Bijna tien jaar lang was Janet lid van de redactie van Queeste, het meertalige tijdschrift over middeleeuwse letterkunde in de Nederlanden. Ze was ook jarenlang actief binnen de Stichting van Romanisten aan Nederlandse Universiteiten, het huidige Platform Frans. Als romanist trad ze graag in discussie met historici, kunsthistorici en neerlandici die dikwijls onvoldoende beseften welke rol de Franse taal en literatuur speelden in de middeleeuwse Nederlanden. Ze schreef tal van recensies en verdiepte zich in artikelen ook graag in kwesties die buiten haar primaire onderzoeksterrein vielen, zoals de devotie tot Onze Lieve Vrouwe van de Droge Boom in Brugge, het castrum doloris als onderdeel van de veertiende-eeuwse adellijke grafcultuur, of de liefdesverklaring die vervat bleek te zitten in een in 2018 bij Utrecht opgegraven gouden ring met Franse inscriptie.
Het typeert Janet dat ze steeds plannen bleef ontwikkelen voor nieuwe lezingen en publicaties. Vanuit een fascinatie voor het afwijkende detail en een opmerkelijk talent voor interdisciplinaire discussie, bleef ze haar onderzoek telkens verdiepen en verder nuanceren. Ze heeft altijd graag lezingen gegeven op congressen, maar haar gezondheid liet niet altijd toe daarvan een schriftelijke weergave te publiceren. Een mooi voorbeeld is onderzoek naar de bekendheid van Dante ten noorden van de Alpen, iets waar ze al jaren mee bezig was en waarover ze in mei 2014 een klinkende lezing presenteerde op het International Congress on Medieval Studies te Kalamazoo, waar ze in december 2018 op voortborduurde in de lezing ‘De hoogste hemel herzien’ tijdens een seminar te Amsterdam. Of, toen haar ziekte al in volle kracht was teruggekeerd, de veelomvattende lezing over ‘Campaigning and Framing in French and Dutch. Edward III in the Low Countries at the Start of the Hundred Years War’ (University of Oxford, 6-8 januari 2022).
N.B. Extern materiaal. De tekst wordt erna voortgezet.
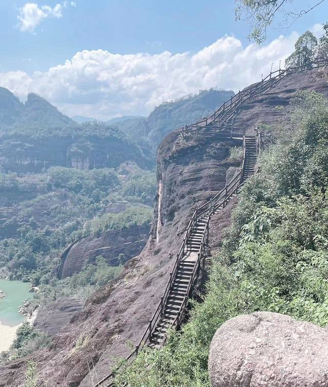 ✅【天游峰】早上从酒店🏨乘坐包车前往武夷山⛰️,大约一个小时左右的行程。个人感觉若要挑选一个能把武夷山的山水和自然文化结合起来的景点,那一定是天游峰了。整座山海拔高400米左右,爬起来其实不会很累,但由于是丹霞地貌,部分路段比较险峻,对于恐高的朋友来说算是个不小的挑战😂刚上山的话是一段林荫路还是比较凉快的,后半段上山的部分几乎没有遮荫的地方,一定得做好防晒再来爬山~山上的观景台可以看到山下的九曲溪,高山绿水的景色特别适合拍照打卡~到了山顶会有一个彭祖庙以及一些小商铺,之后下山是走另一条路,比上山的时候轻松很多~

De laatste jaren waren zwaar, maar kenden ook lichtheid. Ze trok zich op aan haar onderzoek, maar zeker ook aan het gezinsleven met haar echtgenoot Hans Nusselder, haar zonen Casper (°1989) en Roeland (°1992), haar schoondochters Nina en Manon, en last but not least haar kleindochter Lou (°2023). Ze genoot van de dingen die ze kon voltooien, van de warme vriendschappen en van haar laatste vakantie in de Anjou. Ze had er, schreef ze, idyllisch gekampeerd, lekker gegeten en ‘veel gelezen onder de abrikozenbomen’. Na de zomer ging haar gezondheid snel achteruit, maar treffend genoeg zei ze: ‘ik zit vol ideeën, ik wil nog van alles, en ik ga maar door daarover te denken, ook al weet ik dat ik aan het meeste niet meer toekom.’ Op 29 november 2023 is ze overleden.
Eveline van der Smit zegt
Mooi stuk!
Wil mijn medeleven betuigen aan de mooie ‘ Ja, Net’ veel kracht en sterkte voor de familie die veel voor haar betekende.
Dini Hogenelst zegt
Ach, Janet… Zo verdrietig dat ze zo jong dit leven heeft moeten verlaten.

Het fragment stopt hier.